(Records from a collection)

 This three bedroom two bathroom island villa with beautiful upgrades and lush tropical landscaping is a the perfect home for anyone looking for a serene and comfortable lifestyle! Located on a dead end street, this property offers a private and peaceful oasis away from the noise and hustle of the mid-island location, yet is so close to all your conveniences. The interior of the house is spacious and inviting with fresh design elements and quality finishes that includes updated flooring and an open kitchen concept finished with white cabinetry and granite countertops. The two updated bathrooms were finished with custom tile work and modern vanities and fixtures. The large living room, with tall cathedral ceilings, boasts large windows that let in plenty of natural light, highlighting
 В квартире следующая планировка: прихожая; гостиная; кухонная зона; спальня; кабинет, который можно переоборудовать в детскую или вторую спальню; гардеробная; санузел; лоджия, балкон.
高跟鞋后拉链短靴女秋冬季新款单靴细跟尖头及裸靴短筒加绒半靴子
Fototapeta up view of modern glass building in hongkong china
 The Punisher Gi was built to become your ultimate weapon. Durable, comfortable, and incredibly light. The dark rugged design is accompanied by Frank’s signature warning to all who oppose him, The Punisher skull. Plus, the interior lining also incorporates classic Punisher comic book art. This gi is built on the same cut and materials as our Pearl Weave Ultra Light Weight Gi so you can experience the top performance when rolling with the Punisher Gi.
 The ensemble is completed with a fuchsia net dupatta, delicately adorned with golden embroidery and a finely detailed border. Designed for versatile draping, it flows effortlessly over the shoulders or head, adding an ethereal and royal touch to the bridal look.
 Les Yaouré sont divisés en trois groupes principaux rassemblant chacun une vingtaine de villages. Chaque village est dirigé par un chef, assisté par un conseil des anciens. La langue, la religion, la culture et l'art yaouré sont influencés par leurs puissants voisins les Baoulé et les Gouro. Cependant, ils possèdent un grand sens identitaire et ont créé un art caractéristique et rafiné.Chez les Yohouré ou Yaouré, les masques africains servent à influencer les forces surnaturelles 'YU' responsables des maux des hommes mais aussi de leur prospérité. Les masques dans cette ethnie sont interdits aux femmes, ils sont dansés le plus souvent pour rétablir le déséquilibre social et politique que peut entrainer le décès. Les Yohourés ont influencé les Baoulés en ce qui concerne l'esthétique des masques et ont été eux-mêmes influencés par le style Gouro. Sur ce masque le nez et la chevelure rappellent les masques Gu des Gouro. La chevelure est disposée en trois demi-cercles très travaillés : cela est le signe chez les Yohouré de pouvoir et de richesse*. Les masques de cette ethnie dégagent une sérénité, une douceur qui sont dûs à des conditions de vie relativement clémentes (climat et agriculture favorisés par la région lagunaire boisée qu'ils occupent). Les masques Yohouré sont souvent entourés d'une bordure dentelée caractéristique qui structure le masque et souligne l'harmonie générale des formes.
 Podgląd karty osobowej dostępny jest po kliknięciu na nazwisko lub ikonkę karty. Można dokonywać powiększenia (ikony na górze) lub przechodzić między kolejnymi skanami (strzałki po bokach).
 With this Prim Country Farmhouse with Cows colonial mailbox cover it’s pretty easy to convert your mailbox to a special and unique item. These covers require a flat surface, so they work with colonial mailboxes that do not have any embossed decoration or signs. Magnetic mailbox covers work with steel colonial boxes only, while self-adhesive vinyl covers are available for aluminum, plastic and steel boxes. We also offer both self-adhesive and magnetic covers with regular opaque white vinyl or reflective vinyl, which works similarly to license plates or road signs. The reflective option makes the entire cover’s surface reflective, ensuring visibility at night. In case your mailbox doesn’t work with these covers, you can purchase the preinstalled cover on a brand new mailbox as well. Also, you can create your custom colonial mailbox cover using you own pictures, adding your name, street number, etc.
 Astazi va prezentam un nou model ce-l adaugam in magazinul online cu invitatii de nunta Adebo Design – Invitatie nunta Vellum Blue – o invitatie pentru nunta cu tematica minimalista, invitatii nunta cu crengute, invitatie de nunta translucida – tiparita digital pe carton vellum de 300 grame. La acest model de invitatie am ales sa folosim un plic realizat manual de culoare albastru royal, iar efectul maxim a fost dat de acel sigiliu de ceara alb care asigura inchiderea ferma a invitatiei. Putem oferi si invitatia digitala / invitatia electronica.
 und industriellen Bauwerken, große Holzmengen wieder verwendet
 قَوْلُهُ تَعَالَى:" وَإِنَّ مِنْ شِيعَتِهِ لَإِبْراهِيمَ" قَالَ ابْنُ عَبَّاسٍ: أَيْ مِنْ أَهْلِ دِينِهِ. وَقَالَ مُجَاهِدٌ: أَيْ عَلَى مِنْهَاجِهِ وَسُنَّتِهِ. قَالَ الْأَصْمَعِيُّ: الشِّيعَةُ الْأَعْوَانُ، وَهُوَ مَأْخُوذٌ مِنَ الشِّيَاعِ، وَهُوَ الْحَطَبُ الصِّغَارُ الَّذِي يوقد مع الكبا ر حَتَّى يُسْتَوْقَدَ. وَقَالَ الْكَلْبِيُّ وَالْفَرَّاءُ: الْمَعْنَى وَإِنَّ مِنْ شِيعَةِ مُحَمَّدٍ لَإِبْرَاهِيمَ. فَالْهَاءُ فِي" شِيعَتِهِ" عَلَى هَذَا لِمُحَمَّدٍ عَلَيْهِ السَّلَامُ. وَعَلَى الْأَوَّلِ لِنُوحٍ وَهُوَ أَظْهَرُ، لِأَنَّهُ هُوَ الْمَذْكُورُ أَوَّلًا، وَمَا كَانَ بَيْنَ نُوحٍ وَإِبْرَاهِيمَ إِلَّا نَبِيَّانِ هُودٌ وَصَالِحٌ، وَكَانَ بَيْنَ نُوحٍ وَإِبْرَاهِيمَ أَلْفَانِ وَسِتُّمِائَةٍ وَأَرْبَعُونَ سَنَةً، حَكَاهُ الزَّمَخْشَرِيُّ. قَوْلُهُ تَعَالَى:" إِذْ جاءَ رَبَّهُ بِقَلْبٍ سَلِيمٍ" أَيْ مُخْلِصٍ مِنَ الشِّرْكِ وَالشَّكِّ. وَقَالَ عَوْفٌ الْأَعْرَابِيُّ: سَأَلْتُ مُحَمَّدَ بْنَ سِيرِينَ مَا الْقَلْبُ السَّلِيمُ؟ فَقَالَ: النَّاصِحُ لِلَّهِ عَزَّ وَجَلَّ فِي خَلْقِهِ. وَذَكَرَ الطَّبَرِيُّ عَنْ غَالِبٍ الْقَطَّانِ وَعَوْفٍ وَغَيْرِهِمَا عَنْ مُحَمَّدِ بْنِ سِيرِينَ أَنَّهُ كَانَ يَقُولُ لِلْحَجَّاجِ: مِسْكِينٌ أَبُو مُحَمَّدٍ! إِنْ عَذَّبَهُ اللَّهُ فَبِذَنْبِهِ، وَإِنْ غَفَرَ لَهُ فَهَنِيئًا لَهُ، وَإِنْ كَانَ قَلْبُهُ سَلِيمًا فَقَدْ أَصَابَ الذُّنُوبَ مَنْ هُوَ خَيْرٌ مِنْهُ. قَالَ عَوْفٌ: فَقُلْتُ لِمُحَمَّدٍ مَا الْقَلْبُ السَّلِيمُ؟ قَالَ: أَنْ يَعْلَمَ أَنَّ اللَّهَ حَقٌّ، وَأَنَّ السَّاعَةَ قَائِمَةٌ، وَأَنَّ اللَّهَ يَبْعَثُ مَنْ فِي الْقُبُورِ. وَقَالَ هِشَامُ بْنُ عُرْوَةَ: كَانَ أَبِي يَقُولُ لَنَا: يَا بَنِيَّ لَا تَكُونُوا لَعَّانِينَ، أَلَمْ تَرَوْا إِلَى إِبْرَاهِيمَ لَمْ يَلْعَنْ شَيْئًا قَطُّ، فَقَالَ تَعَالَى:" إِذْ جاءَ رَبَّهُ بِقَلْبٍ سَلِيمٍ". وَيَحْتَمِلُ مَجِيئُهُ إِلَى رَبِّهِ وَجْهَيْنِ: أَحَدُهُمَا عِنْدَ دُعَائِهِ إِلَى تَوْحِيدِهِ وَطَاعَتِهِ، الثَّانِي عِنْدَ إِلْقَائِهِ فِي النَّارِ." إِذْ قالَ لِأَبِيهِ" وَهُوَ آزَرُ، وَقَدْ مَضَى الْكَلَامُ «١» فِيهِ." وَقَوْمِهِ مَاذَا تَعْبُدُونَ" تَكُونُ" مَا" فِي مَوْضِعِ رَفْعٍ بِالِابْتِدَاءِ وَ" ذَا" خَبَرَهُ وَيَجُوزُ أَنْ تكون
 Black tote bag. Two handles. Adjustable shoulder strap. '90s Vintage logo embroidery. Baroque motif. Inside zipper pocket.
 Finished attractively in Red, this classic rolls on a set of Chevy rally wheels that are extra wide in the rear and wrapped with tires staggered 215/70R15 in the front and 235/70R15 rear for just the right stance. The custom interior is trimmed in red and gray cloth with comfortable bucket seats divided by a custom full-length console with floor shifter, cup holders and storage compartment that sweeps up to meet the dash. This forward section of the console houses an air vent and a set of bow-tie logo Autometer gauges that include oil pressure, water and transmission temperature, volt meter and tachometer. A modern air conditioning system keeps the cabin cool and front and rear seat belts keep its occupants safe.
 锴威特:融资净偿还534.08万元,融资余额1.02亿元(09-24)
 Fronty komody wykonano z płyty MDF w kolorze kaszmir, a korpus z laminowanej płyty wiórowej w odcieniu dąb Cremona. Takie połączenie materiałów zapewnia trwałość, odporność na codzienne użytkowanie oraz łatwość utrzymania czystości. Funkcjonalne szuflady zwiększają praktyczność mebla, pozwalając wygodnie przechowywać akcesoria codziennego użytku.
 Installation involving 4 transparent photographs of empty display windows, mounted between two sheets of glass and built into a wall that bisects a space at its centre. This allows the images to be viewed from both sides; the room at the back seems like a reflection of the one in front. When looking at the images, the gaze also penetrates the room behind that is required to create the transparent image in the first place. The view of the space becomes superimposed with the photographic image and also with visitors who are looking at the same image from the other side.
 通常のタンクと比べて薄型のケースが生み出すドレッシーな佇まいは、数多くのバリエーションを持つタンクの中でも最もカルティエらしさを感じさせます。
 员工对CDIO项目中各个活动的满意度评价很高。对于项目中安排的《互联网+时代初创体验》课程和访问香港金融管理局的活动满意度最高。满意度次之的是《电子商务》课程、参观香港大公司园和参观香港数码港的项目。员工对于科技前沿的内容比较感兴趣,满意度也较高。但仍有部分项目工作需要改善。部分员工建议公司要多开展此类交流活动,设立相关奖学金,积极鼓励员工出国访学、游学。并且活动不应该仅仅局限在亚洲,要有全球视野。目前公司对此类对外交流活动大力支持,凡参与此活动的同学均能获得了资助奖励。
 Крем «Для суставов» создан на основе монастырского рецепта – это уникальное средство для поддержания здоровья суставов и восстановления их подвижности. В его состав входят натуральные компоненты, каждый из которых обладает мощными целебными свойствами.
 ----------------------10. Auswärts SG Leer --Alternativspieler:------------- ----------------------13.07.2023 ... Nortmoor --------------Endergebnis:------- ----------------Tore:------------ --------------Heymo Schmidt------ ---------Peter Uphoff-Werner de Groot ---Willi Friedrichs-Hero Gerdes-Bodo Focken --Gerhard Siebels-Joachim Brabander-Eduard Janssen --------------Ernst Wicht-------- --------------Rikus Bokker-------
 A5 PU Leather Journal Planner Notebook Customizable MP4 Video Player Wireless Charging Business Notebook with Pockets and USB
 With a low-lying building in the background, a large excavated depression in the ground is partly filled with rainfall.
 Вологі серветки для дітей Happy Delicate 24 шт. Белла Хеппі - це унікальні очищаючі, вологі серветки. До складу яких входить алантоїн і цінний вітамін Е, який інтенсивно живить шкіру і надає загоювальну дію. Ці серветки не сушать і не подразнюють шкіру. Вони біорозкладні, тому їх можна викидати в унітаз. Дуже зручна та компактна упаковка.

_What is required_
Above are the records. Print exactly, and only, the lines from the line with "锴威特:融资净偿还534.08万元,融资余额1.02亿元(09-24)" to the line with "Fronty komody wykonano", both inclusive.

_Task output_
 锴威特:融资净偿还534.08万元,融资余额1.02亿元(09-24)
 Fronty komody wykonano z płyty MDF w kolorze kaszmir, a korpus z laminowanej płyty wiórowej w odcieniu dąb Cremona. Takie połączenie materiałów zapewnia trwałość, odporność na codzienne użytkowanie oraz łatwość utrzymania czystości. Funkcjonalne szuflady zwiększają praktyczność mebla, pozwalając wygodnie przechowywać akcesoria codziennego użytku.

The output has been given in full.